> [Work instruction]:
With the pictures left aside, write out exactly the lines of the listing below from the line with "- Dans la colonne" to the line with "为紧密结合药物警戒工作发展需", both included, and only those.

> [Data extract]:
━━━━━━━━━━━━━━━━━━━━━━━━━━━━━━

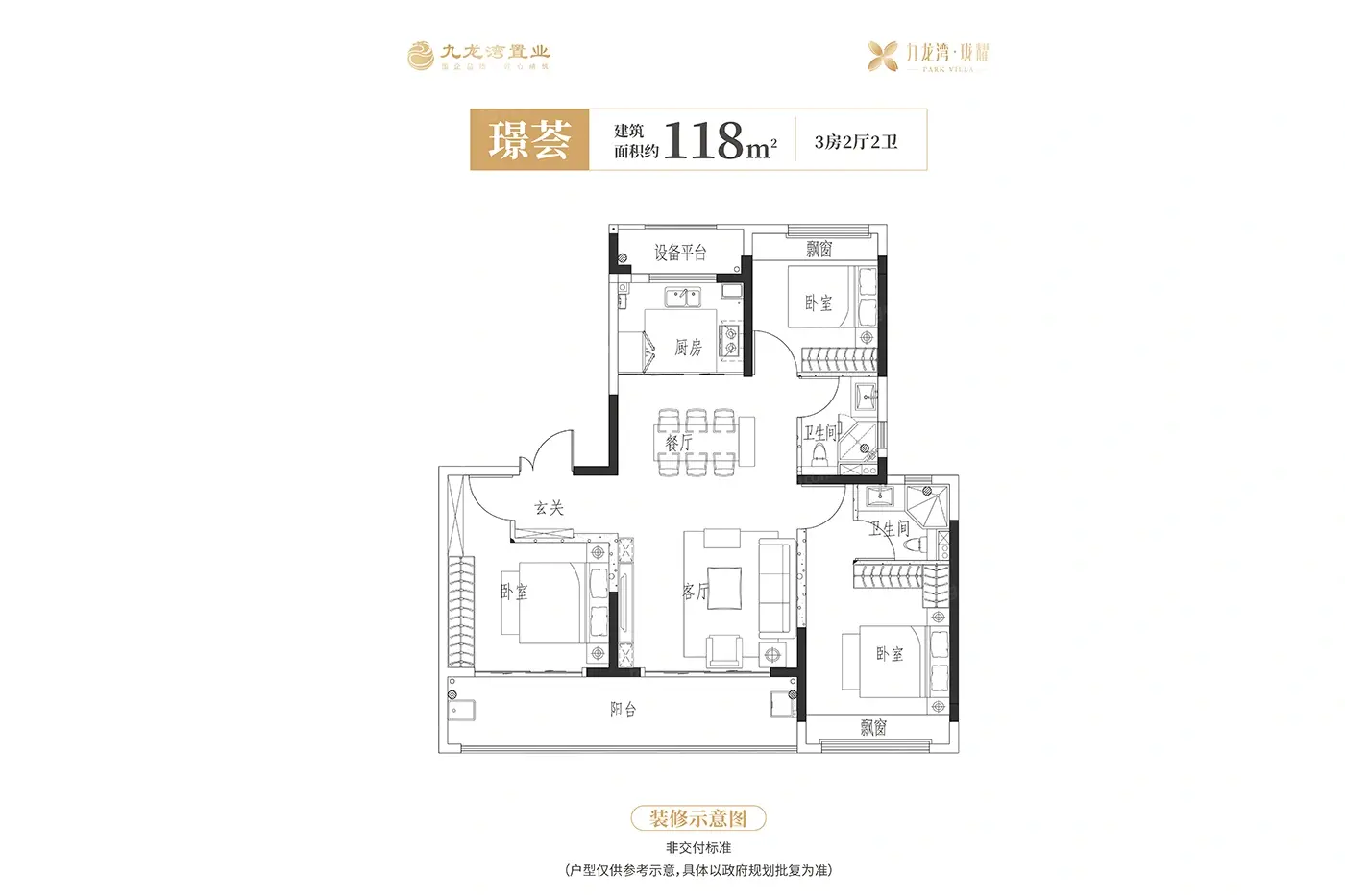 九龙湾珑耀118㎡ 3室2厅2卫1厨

━━━━━━━━━━━━━━━━━━━━━━━━━━━━━━

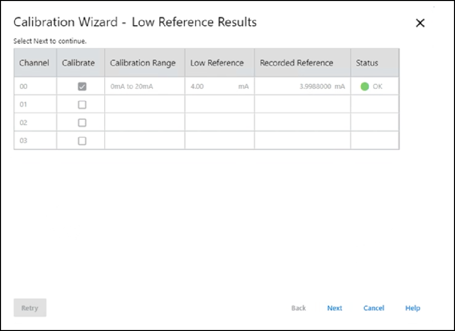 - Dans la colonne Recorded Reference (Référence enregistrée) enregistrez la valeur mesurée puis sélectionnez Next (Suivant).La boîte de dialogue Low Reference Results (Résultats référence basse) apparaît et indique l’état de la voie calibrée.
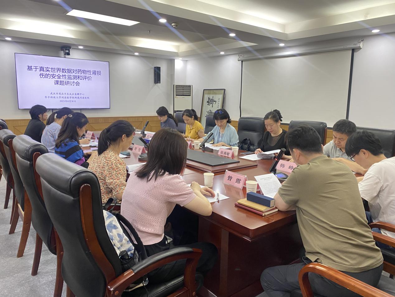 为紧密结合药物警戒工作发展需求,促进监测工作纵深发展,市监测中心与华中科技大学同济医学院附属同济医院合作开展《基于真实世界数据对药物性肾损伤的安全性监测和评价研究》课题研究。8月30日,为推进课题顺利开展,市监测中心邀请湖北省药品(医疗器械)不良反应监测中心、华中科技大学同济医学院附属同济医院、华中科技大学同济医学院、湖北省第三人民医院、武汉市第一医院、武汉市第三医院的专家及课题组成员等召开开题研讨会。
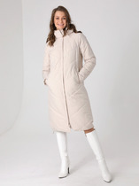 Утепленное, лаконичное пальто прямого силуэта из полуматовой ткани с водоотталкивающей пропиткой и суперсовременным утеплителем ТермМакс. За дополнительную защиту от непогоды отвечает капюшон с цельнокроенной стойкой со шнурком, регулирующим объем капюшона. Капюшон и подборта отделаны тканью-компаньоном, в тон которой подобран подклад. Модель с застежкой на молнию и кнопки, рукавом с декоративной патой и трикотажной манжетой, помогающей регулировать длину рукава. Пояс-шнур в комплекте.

━━━━━━━━━━━━━━━━━━━━━━━━━━━━━━

> [Solved problem]:
 - Dans la colonne Recorded Reference (Référence enregistrée) enregistrez la valeur mesurée puis sélectionnez Next (Suivant).La boîte de dialogue Low Reference Results (Résultats référence basse) apparaît et indique l’état de la voie calibrée.
 为紧密结合药物警戒工作发展需求,促进监测工作纵深发展,市监测中心与华中科技大学同济医学院附属同济医院合作开展《基于真实世界数据对药物性肾损伤的安全性监测和评价研究》课题研究。8月30日,为推进课题顺利开展,市监测中心邀请湖北省药品(医疗器械)不良反应监测中心、华中科技大学同济医学院附属同济医院、华中科技大学同济医学院、湖北省第三人民医院、武汉市第一医院、武汉市第三医院的专家及课题组成员等召开开题研讨会。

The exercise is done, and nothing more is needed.